The Shepherdess and the Seven Songs
Pushpendra Singh, India, 2020, 98m
Gujari and Hindi with English subtitles
A visually entrancing fable with a core of steel, Pushpendra Singh’s The Shepherdess and the Seven Songs centers on the unforgettable Laila, a ferociously independent young Bakarwal woman from the politically fraught Indian state of Jammu and Kashmir. She movies with her new husband, the shepherd Tanvir, to a home in the forest, where her beauty and strength make her the obsession of a befuddled local police officer and the forest guard Mushtaq, whose attention she constantly, cleverly thwarts. All the while she tries to figure out her own, new identity. Structured around a series of local folk songs and poetic interludes, which function as Laila’s interior monologues, this humorous and meditative feminist tale observes a woman who wants to be free to make her own decisions in a modernizing world, despite her connection to age-old traditions.

The Trouble with Being Born
Sandra Wollner, Austria/Germany, 2020, 94m
German with English subtitles
This eerily placid work of science fiction begins as though a summer idyll in an isolated house in the forest between a middle-aged man (Dominik Warta) and what appears to be his adolescent daughter (Lena Watson). As the languorous days wear on, instances of a stranger, more intimate relationship between the two emerge, and we discover not all is what it seems in this otherworldly yet earthy environment. The film then takes a turn when the girl drifts away into the woods. Austrian director Sandra Wollner’s disturbing, unsentimental vision of the fracturing effects of technology on human life and memory is both compassionate and unsparing, and vivid in its hard-to-shake imagery.

Twelve Thousand
Nadège Trebal, France, 2019, 111m
French with English subtitles
In her fiction debut, which she also wrote and co-stars in, French documentary filmmaker Nadège Trebal masters a series of radical tonal shifts for a wildly entertaining, sexually unapologetic portrait of a couple contending with economic instability and the fight to maintain equality in their relationship. In a star-is-born performance, the magnetic Arieh Worthalter is down-on-his-luck charmer Frank, who, after being fired from his black-market scrapyard job, enters into an agreement with his partner, Maroussia (Trebal), to earn exactly 12,000 euros, the amount that would equal her annual income. Throughout Frank’s journey, which is occasionally absurdist and fraught with perilous seductions, both financial and sexual, Trebal never loses sight of the very real pressures that capital puts on contemporary lives.

Two of Us
Filippo Meneghetti, France/Luxembourg/Belgium, 2019, 95m
French with English subtitles
In his intensely moving middle-aged queer romance, first-time feature filmmaker Filippo Meneghetti casts Martine Chevallier and the legendary Barbara Sukowa as Madeleine and Nina, two women who live in the same apartment building and have been carrying on a love affair in secret for decades. Now that Madeleine’s husband has died, Nina encourages her to tell the truth about their relationship to her meddlesome, selfish grown children, hoping they can move to Rome together. As in any great melodrama (Sukowa’s work with Fassbinder is here never far out of mind), the cruel vicissitudes of society and fate get in the way; yet as their romantic dreams become more distant, their desperate love grows ever stronger. A Magnolia Pictures release.

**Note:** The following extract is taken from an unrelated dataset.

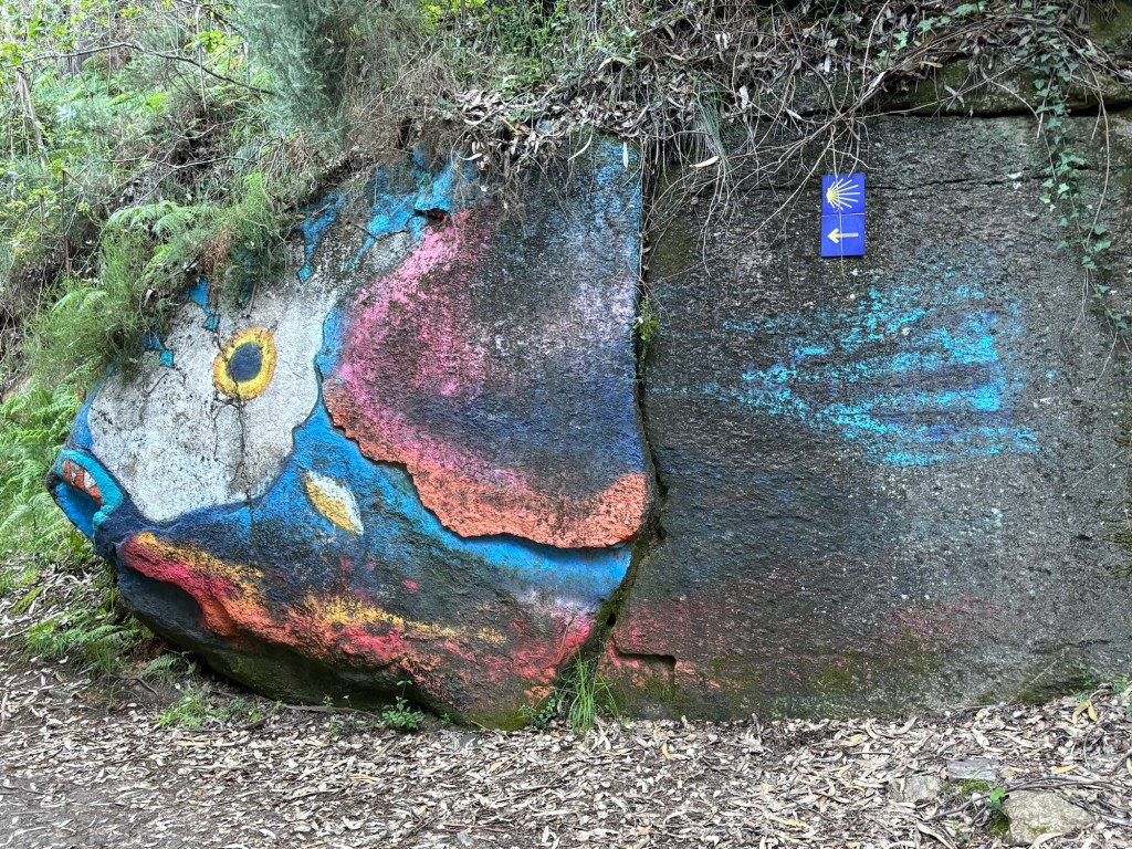 Fish and fishermen are an important part of Vigo, past and present.During my perambulations around Vigo this morning I walked by this huge fish market. You could smell it a block away.Another shot of the Cies Islands. Charlotte from the Netherlands is going to take a day off to ferry out and hike around these islands. Her hospitaleria told her the islands remind people of the Caribbean. That is still not enough to tempt me into taking a day off to hike around these Caribbean like islands.Outside Vigo we walked through a stretch of what looked like rain forest.Many beautiful waterfalls on this stretch of the Way.This is a rock that some very creative person turned into a fish.Great view of the Vigo estuary. We spent most of of the day climbing up to the top of a ridge and then climbing down to walk through a town or village.A bridge over the estuary. I love these level tree shaded sections of the Way.

Window Boy Would Also Like to Have a Submarine
Alex Piperno, Uruguay/Argentina/Brazil/Netherlands/Philippines, 2019, 85m
Spanish and Tuwali with English subtitles
Enter a world of the unexpected in this exceptional surrealist debut from Uruguayan poet and filmmaker Alex Piperno in which doors never lead to where they’re supposed to and the world is a lot smaller than it appears. Melding together two inexplicably interconnected stories from wildly different settings, Piperno’s vividly drawn dream movie initially follows a group of rural farmers in a Filipino village who come to believe a shack that has mysteriously appeared in a valley clearing contains evil properties they must exorcise; at the same time, a young janitor working on a bougie cruise ship discovers a portal that opens to somewhere else entirely. Touching upon ideas of global connectivity and economic inequality with a lightly fantastical touch, Piperno has made a delightful fantasia for our moment.